Although the 5-way intersection drain and culvert are the most recently found manifestations of our slate-constructed water system, there are more examples to be seen around Willunga.

In St Jude’s Street, near the Uniting Church there is a beautifully constructed dry stone slate culvert. This culvert was originally constructed around 1864 with “top and bottom to be flagged [with slate]” (Adelaide Observer, 17 December 1864, p. 3). Around 2002, the culvert was restored due to the efforts of Jeremy Keyte and the skill of Doug March.

Figure 2: Culvert – St Jude’s Street.

Crossing the High Street, opposite St Matthews Street, is an intriguing drain/tunnel with slate top and bottom, but limestone walls. This was found by Mr Ray Scott when he worked for the Willunga District Council. He has kindly provided Willunga Branch with the photograph below.

Figure 3. A large drain/tunnel that spreads across the High Street from St Matthews Street to the Courthouse Reserve.
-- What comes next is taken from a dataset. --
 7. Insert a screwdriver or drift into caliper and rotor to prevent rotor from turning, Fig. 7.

On the higher sections of the Old Willunga Hill Road, the gutters that direct the storm water down the hill are constructed of slate. According to accounts from our community, these gutters were constructed mainly by people who were interned as aliens during World War II.
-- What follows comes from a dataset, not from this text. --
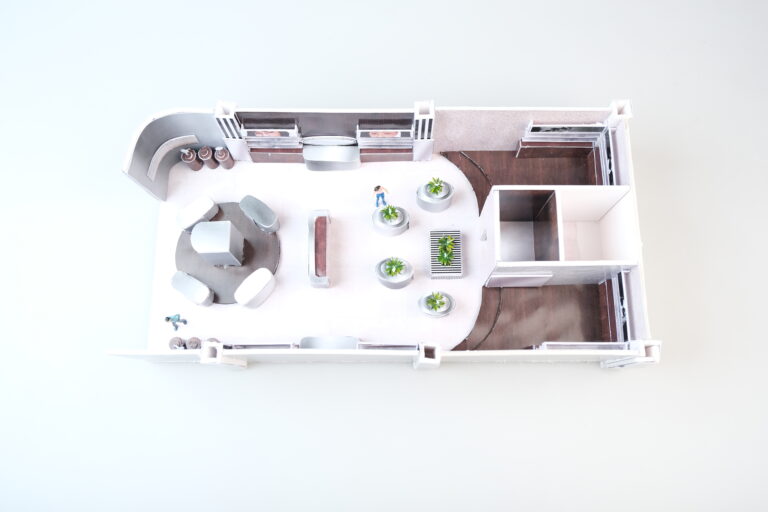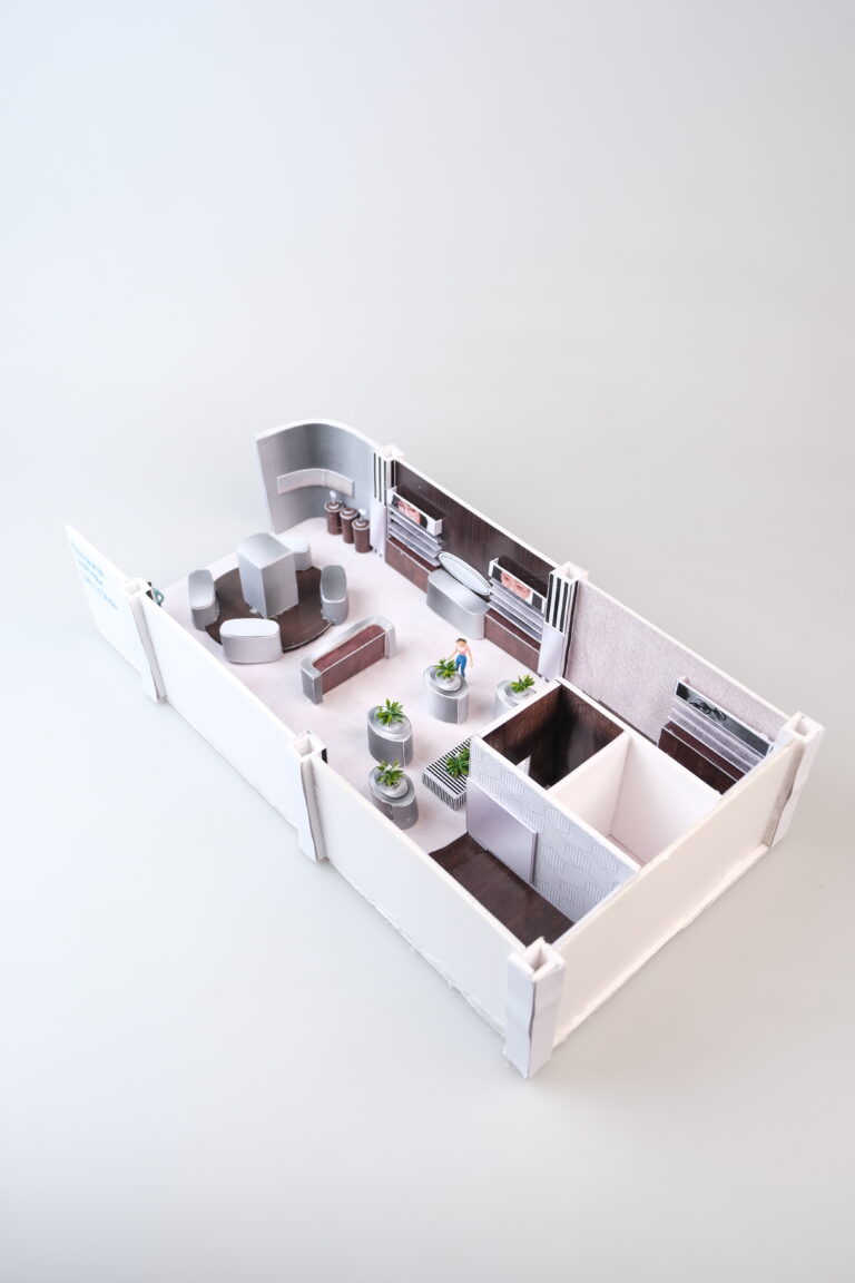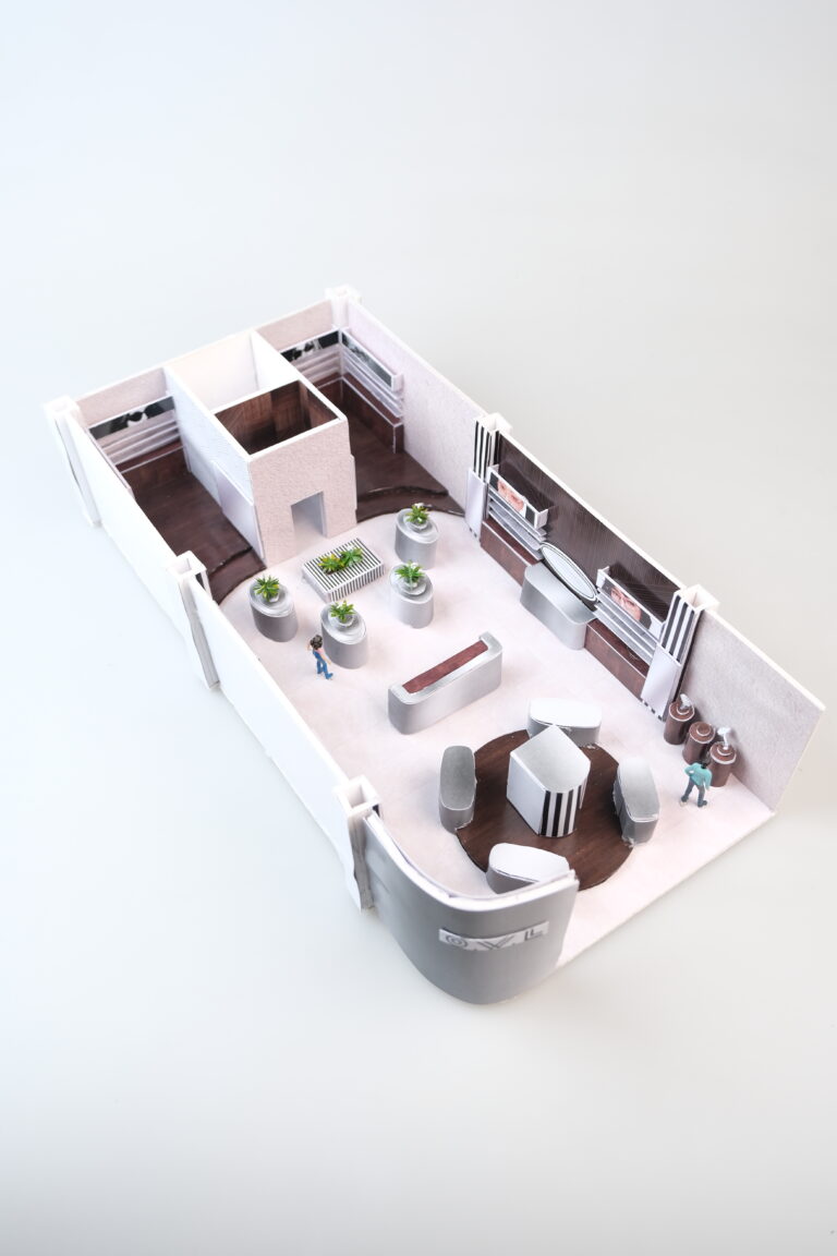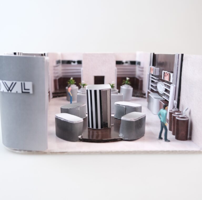Konsep retail O.W.L ini berasal dari eksplorasi identitas visual brand, terutama elemen garis pada logo yang diterapkan ke dalam desain interior untuk membentuk ritme visual pada dinding dan display. Palet warna hitam, putih, abu, dan silver digunakan untuk menghadirkan kesan modern, minimal, dan industrial, yang kemudian dipadukan dengan aksen kayu agar ruang terasa lebih hangat dan seimbang. Selain itu, terdapat fitur interactive screen yang memungkinkan konsumen mencoba kacamata secara virtual, serta area photobooth di bagian depan toko untuk mendukung interaksi dan memberikan pengalaman yang lebih engaging bagi para pelanggan.

Figure 4: Slate gutter on Old Willunga Hill Road.

In the 19th century slate was plentiful and we had the skills to quarry it, split it and lay it. These skills are now more rare, but the Willunga community still celebrates and values its heritage of slate.

As you explore our town, think about the slate constructions directing the water beneath your feet.

For more information on Willunga slate, visit the Slate Museum at 61 High Street, Willunga and/or obtain a copy of the Slate Museum and Trail brochure.

Contributed by Paddy O’Toole.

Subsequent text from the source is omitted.